EXERCISE DESCRIPTION
As the answer, return precisely the lines from the one containing "10月16日上午十点,旅游与" to the final line of the material below, inclusive, and omit every picture.

DATA
↓↓↓
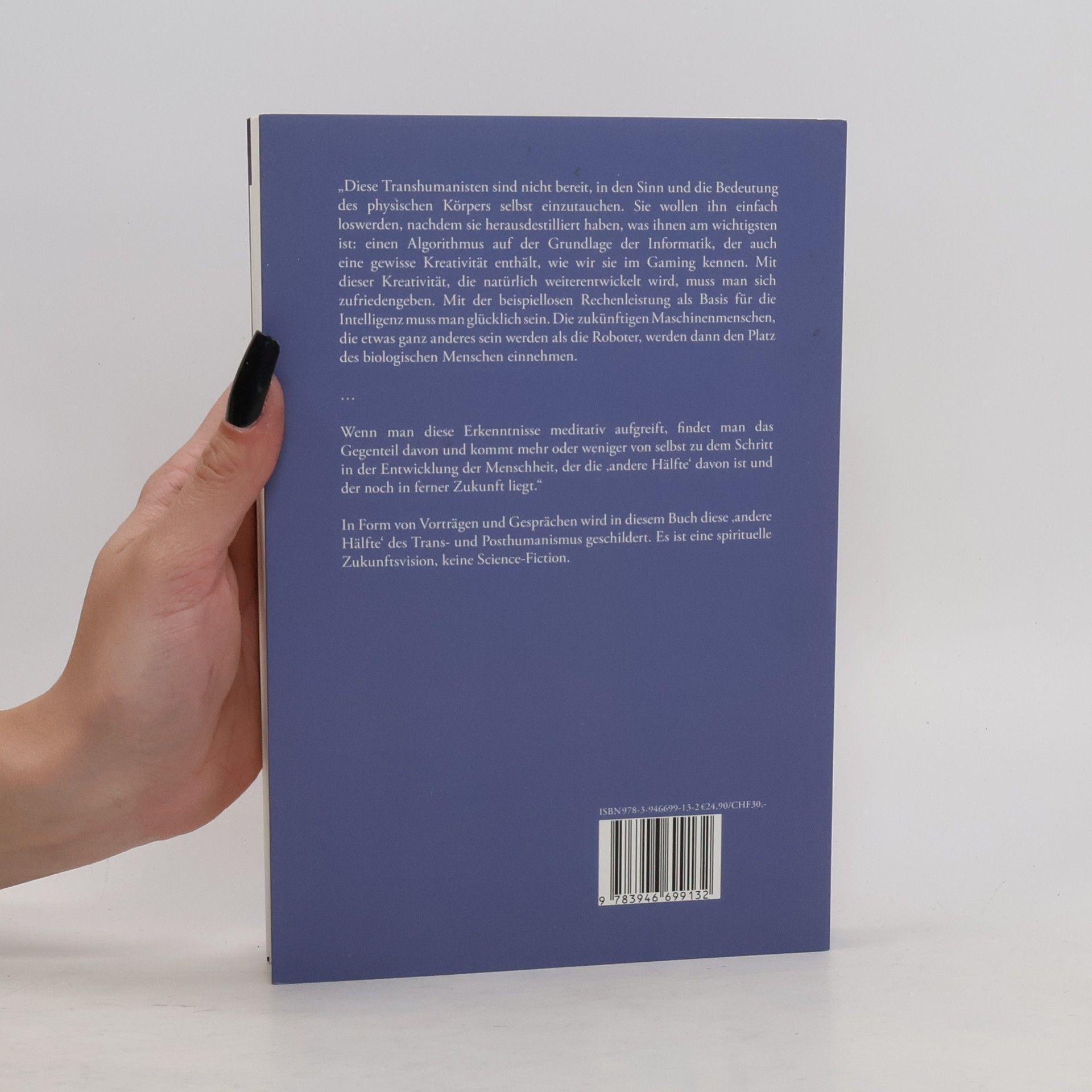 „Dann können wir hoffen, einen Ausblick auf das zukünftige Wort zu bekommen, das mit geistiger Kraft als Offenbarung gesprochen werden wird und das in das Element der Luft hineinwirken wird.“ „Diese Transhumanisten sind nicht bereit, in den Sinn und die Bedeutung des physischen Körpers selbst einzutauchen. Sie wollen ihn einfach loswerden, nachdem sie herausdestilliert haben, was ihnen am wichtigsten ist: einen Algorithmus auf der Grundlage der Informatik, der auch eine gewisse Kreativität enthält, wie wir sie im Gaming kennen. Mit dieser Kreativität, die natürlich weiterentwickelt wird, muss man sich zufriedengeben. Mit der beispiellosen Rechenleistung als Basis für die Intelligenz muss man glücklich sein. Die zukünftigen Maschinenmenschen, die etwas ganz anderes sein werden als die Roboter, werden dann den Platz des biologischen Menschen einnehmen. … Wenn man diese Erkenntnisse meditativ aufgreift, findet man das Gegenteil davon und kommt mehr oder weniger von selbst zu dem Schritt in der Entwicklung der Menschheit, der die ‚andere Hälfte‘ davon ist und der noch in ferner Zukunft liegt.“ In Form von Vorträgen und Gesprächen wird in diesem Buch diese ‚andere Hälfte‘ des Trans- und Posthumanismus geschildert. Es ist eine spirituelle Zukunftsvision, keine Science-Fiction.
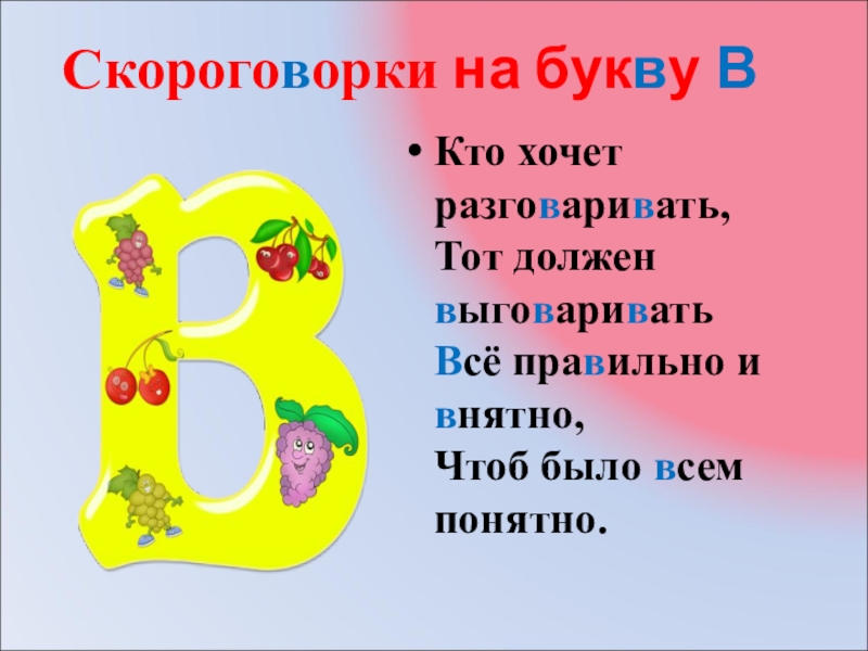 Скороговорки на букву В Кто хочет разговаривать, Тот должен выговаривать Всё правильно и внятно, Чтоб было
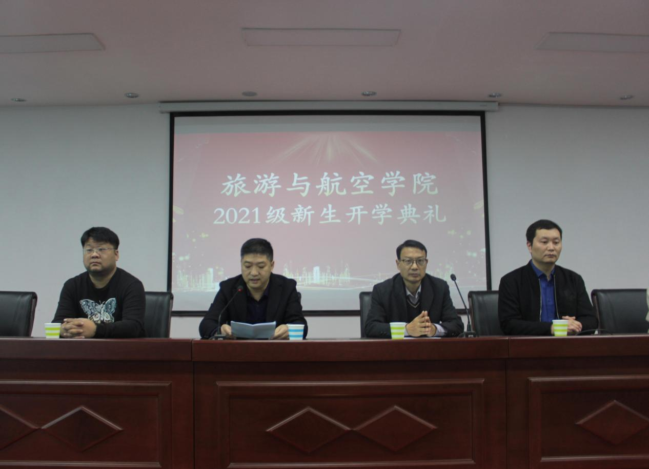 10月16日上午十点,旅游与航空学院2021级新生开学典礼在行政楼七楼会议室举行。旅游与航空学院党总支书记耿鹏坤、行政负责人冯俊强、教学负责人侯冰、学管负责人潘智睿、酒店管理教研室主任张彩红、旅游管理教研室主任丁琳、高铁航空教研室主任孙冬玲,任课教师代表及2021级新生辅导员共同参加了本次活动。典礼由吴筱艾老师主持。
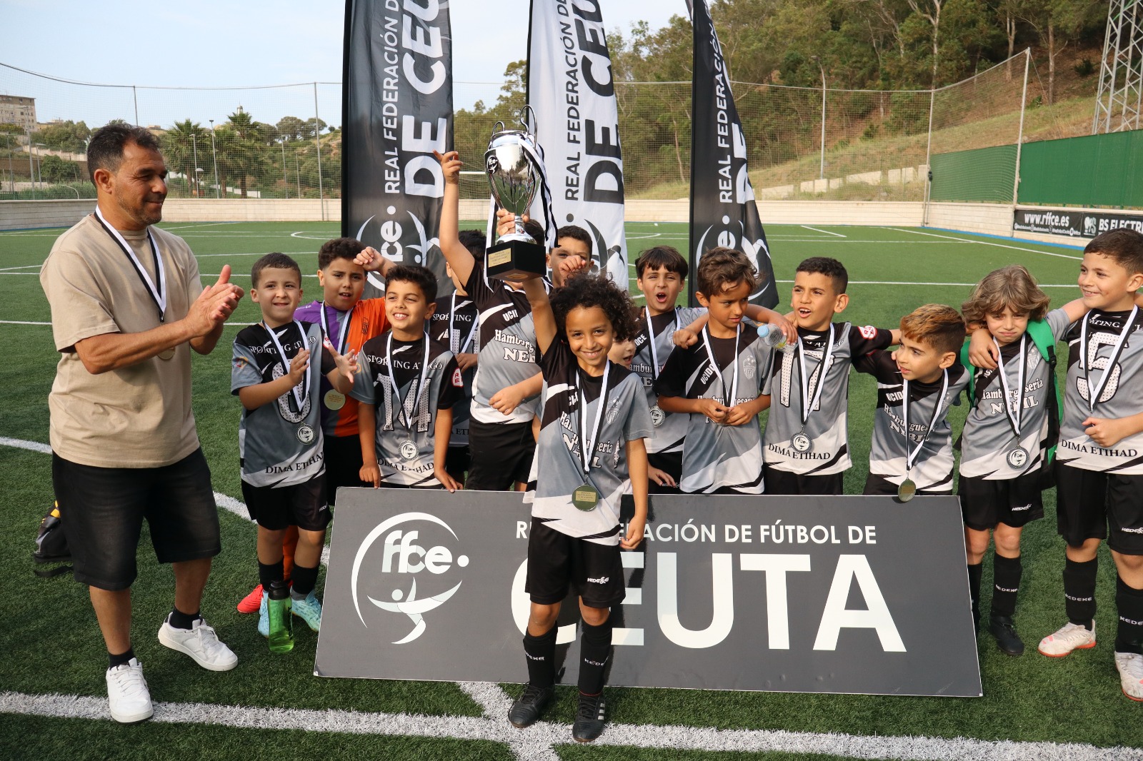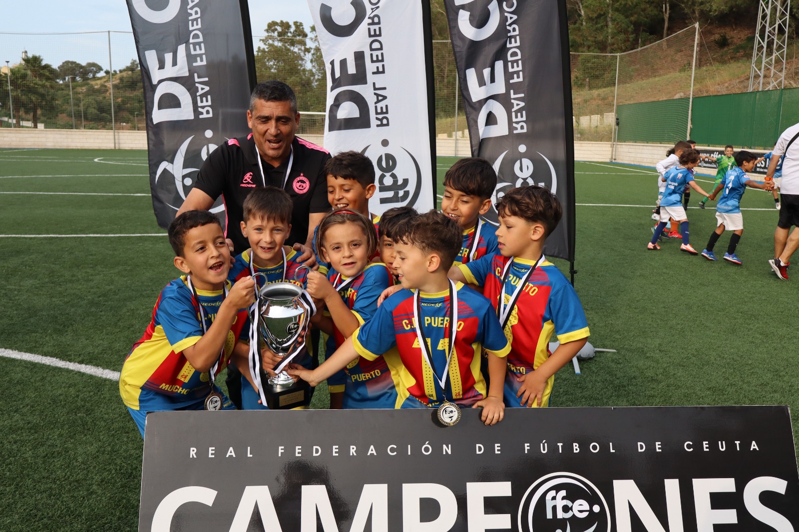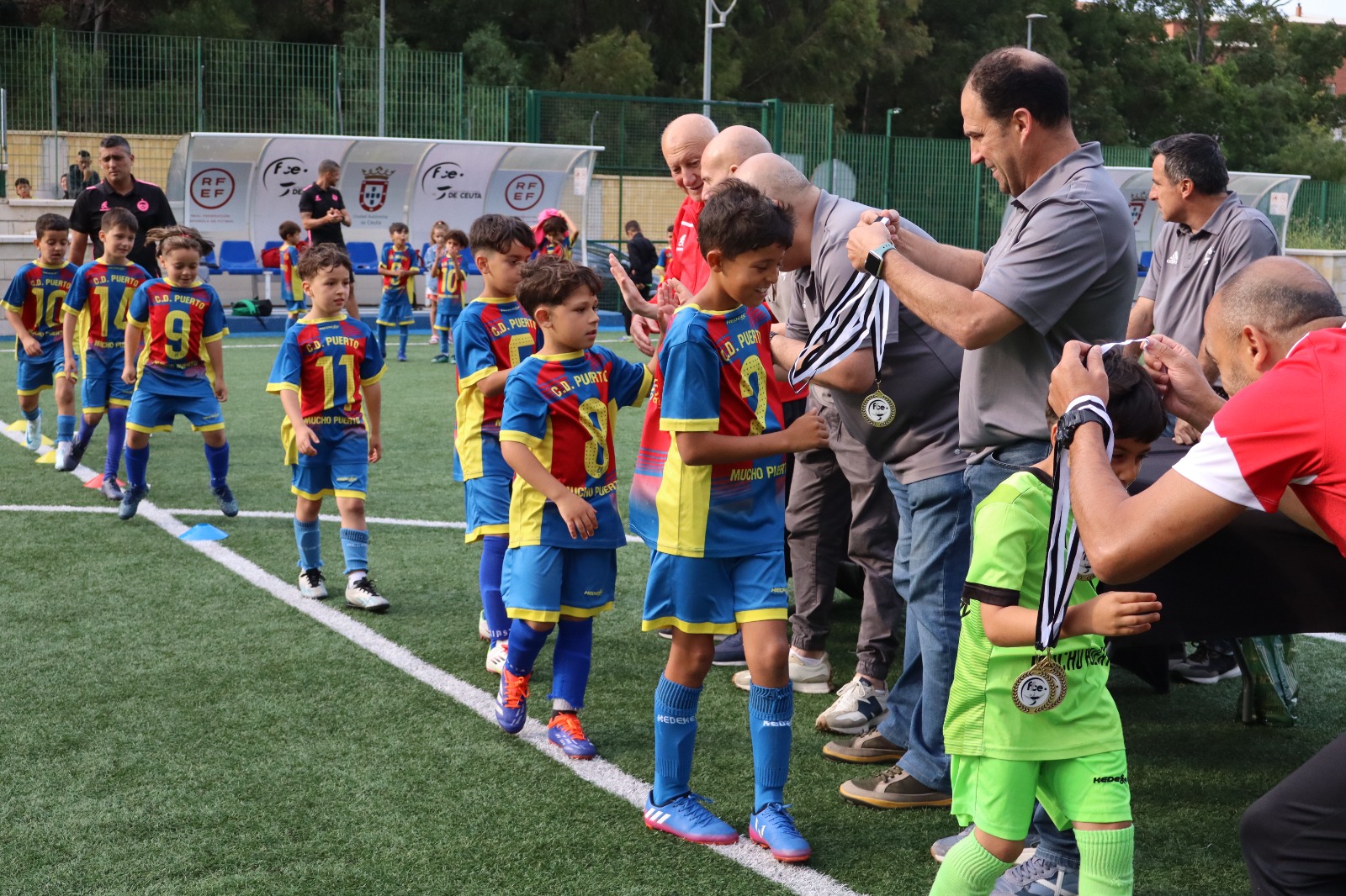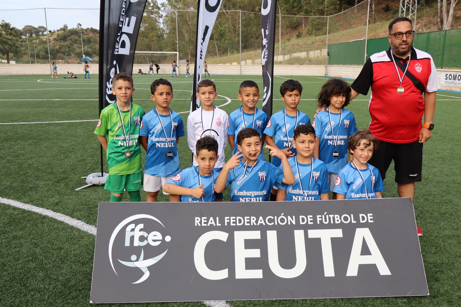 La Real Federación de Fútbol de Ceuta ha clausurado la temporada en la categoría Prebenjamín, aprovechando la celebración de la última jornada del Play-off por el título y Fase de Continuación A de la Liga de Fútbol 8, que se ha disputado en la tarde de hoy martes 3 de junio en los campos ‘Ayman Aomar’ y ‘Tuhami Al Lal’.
↑↑↑
ANSWER FOR THIS EXERCISE
 10月16日上午十点,旅游与航空学院2021级新生开学典礼在行政楼七楼会议室举行。旅游与航空学院党总支书记耿鹏坤、行政负责人冯俊强、教学负责人侯冰、学管负责人潘智睿、酒店管理教研室主任张彩红、旅游管理教研室主任丁琳、高铁航空教研室主任孙冬玲,任课教师代表及2021级新生辅导员共同参加了本次活动。典礼由吴筱艾老师主持。
 La Real Federación de Fútbol de Ceuta ha clausurado la temporada en la categoría Prebenjamín, aprovechando la celebración de la última jornada del Play-off por el título y Fase de Continuación A de la Liga de Fútbol 8, que se ha disputado en la tarde de hoy martes 3 de junio en los campos ‘Ayman Aomar’ y ‘Tuhami Al Lal’.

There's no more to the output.